Wireless LAN vendor Meru Networks is axing more than one in 10 of its staff and is considering a sale after warning over its Q4 results.
The NASDAQ-listed outfit revealed last night that Q4 revenues are set to fall between $21m (£13.8m) and $22m, below the previously announced guidance range of $23m to $27m.
Meru said it intends to slash more than 10 per cent of full-time employees in its current Q1 as part of a restructuring drive designed to cut the revenue marker at which it will break even each quarter from $27m to between $21.5m and $22.5m.
Deutsche Bank has been brought in as a financial adviser to "explore strategic options", which could include strategic partnering of its technology or a sale.

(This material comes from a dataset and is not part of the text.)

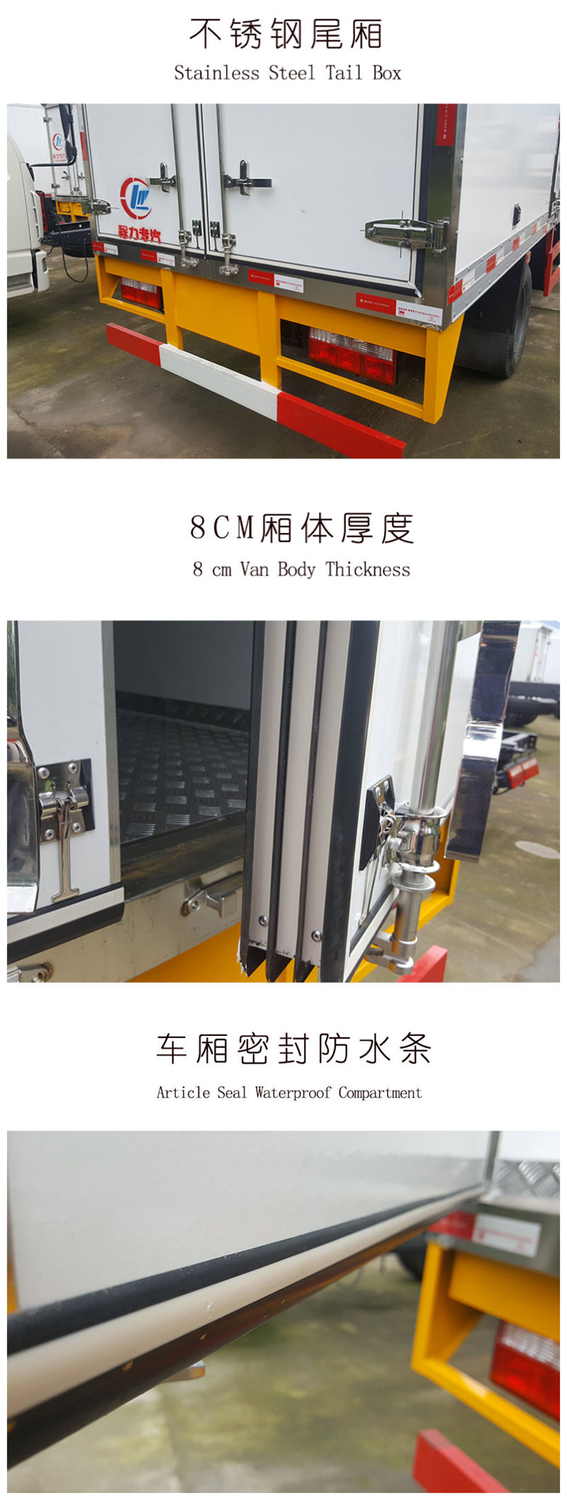 三、選裝配置:可選裝廂體側門(單側門或雙開門),可選裝鋁合金導風槽(導風槽有助于冷氣循環,提升制冷效果),可選裝廂體頂部加固肉勾滑道(直滑道 或 對接互通式拐彎滑道)??蛇x裝廂體內部采用全面不銹鋼材質(海鮮運輸必須加裝,海水有腐蝕性),可選裝280V-380V外接電源(停車熄火后可插電冷機繼續制冷工作),可選裝溫濕度監控記錄儀(帶打印功能)。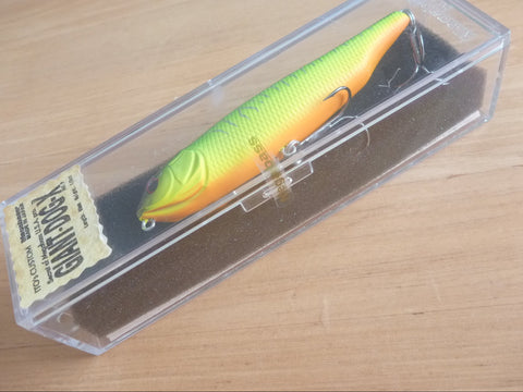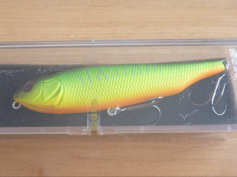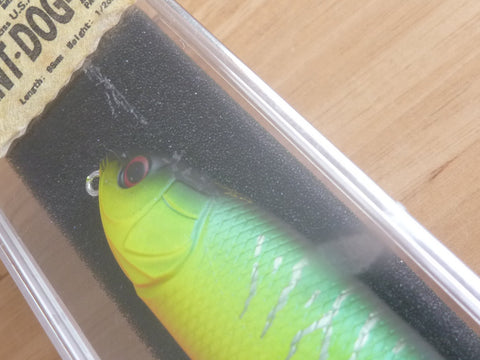 Just like the original DOG-X and DOG-X Jr., GIANT DOG-X is built to roll-walk. Roll-walking does two things. It pushes (displaces) more water and exposes the sides of the bait to the fish underneath. If bait simply skates left and right, it pushes the least amount of water and only its belly is visible to the fish below. That is why roll-walking is critical. At the same time with the high buoyancy and rather tall body design, GIANT DOG-X effectively eliminated the slow movement, the inherent problem with the larger baits. GIANT DOG-X‘s action is now controlled by a tungsten balancer.

"We are disappointed with this performance, yet believe that our technology advantages can be converted into greater market adoption," said Dr Bami Bastani, chief executive of Meru.

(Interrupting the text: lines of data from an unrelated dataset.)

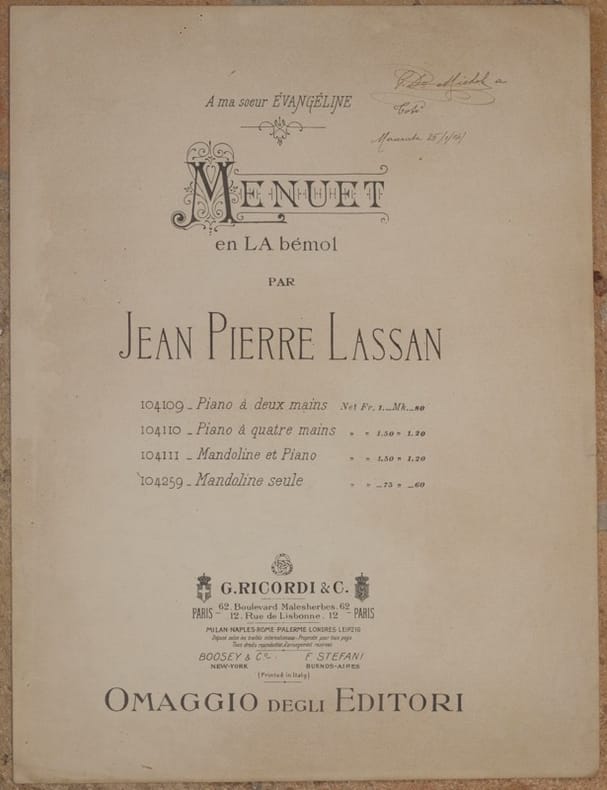 In 4. Dim. 34,5x26 cm. Pp. (3)+(1). Edizione senza data ma della fine del XIX secolo della melodia "Minuetto in La bemolle" di Jean Pierre Lassan per mandolino. Firma al frontespizio datata 1904. In ottime condizioni. Copertina editoriale in ottime condizioni generali con lievi usure ai margini e dorso. Legatura in ottime condizioni. All'interno le pagine si presentano in ottime condizioni con rare fioriture. Not dated edition but of the end of XIX century of the melody "Minuetto in La bemolle" by Jean Pierre Lassan for mandoline. Signature in title page dated 1904. In very good conditions. Editorial cover in very good general conditions slightly worn in the edges and spine. Binding in very good conditions. Inside pages are in very good conditions with occasional foxings. <BR>
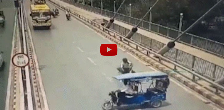 A motorcyclist was killed after his two-wheeler crashed into an e-rickshaw that suddenly took a U-turn in the middle of a busy one-way road in India’s Uttar Pradesh.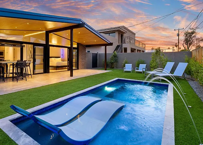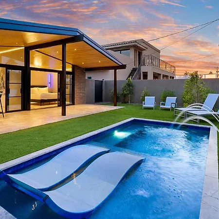 Modern Home Near Old Town With Pool 4Bd & Cornhole is uitgerust met zelfvoorzienende voorzieningen, waaronder een complete keuken en een eethoek buiten waar gasten van kunnen genieten. U kunt ook gebruikmaken van een oven en een vaatwasser om uw eigen maaltijd te bereiden. Tacos Jalisco serveert Spaanse gerechten en is op 350 meter afstand gelegen. Scottsdale Rd & Windsor Av bushalte is op wandelafstand van ongeveer 10 minuten hiervandaan.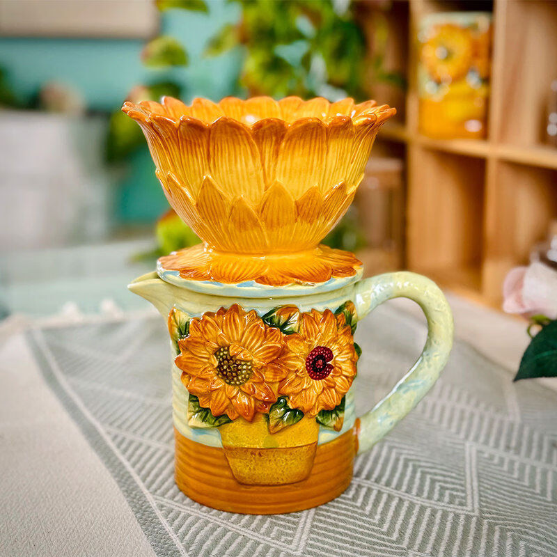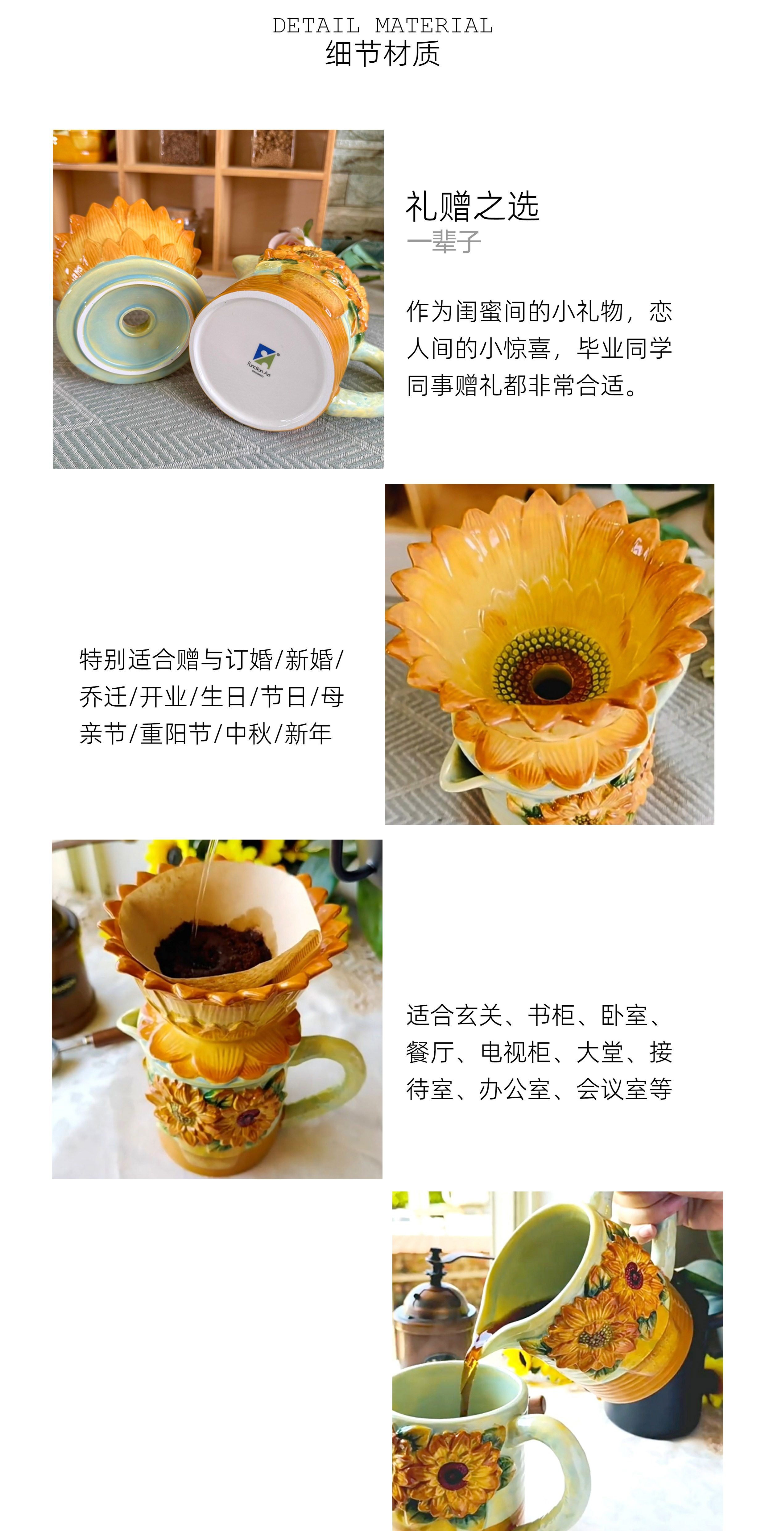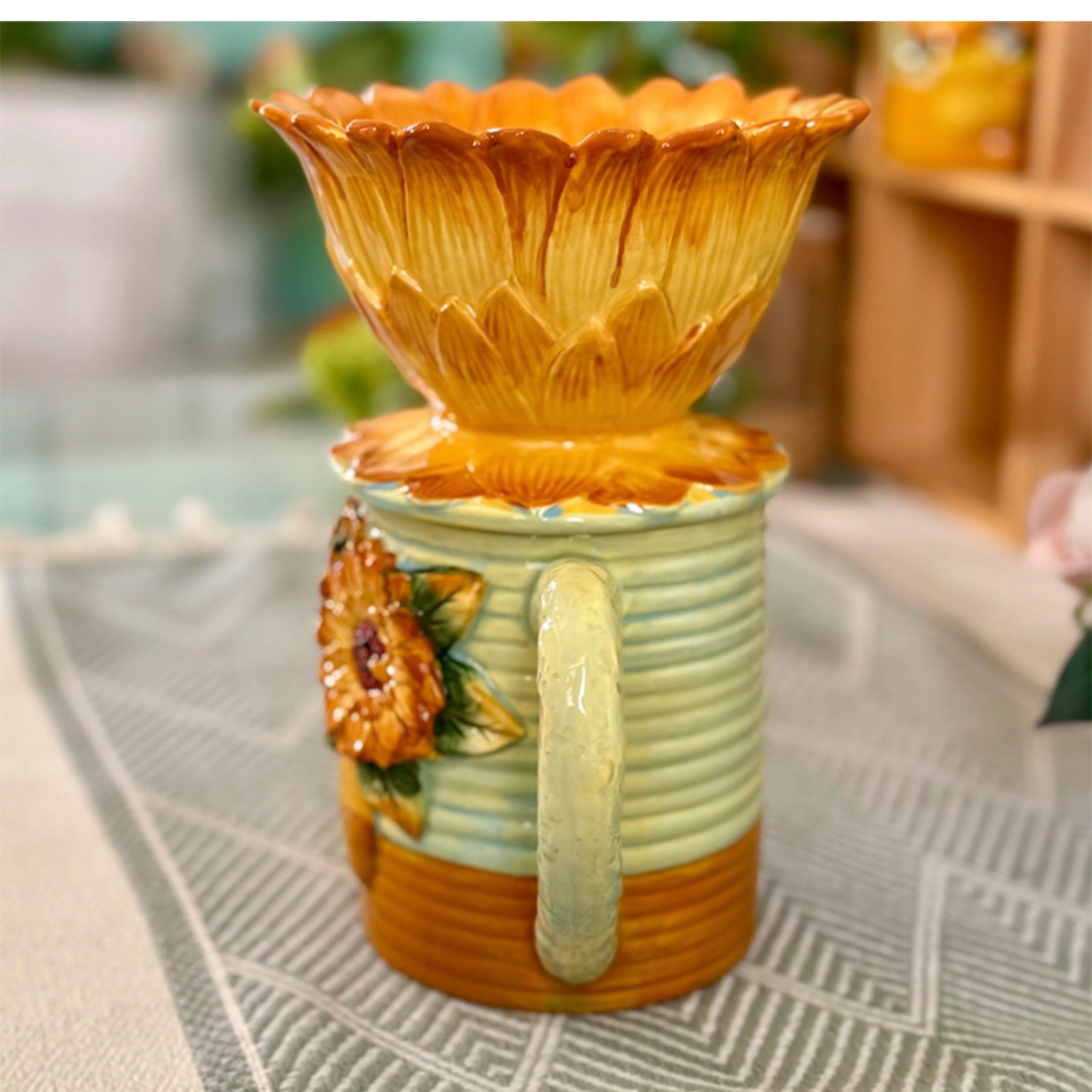 Van Gogh Ceramic Cup Sunflower Creative Personality Trendy Literary Oil Painting Style Hand-brewed Coffee Filter Pot Filter Cup Van Gogh Sunflower Filter Cup 600ml

"We are determined to optimise the mix of partners, channel distribution, and effective direct sales necessary to put the company back on a growth track. Today we have taken a major step in further streamlining the company structure to accelerate decision making, enhance operational efficiencies, and reduce breakeven sales to position the company for profitability."
Last night's announcement comes nine months after one of its investors, Castle Union, called for the vendor to be sold and claimed management there were being overpaid and that Meru had lost ground to peers Ruckus and Aerohive.
Meru's share price currently stands at $3.70, almost seven times less than its February 2011 high of $25.50.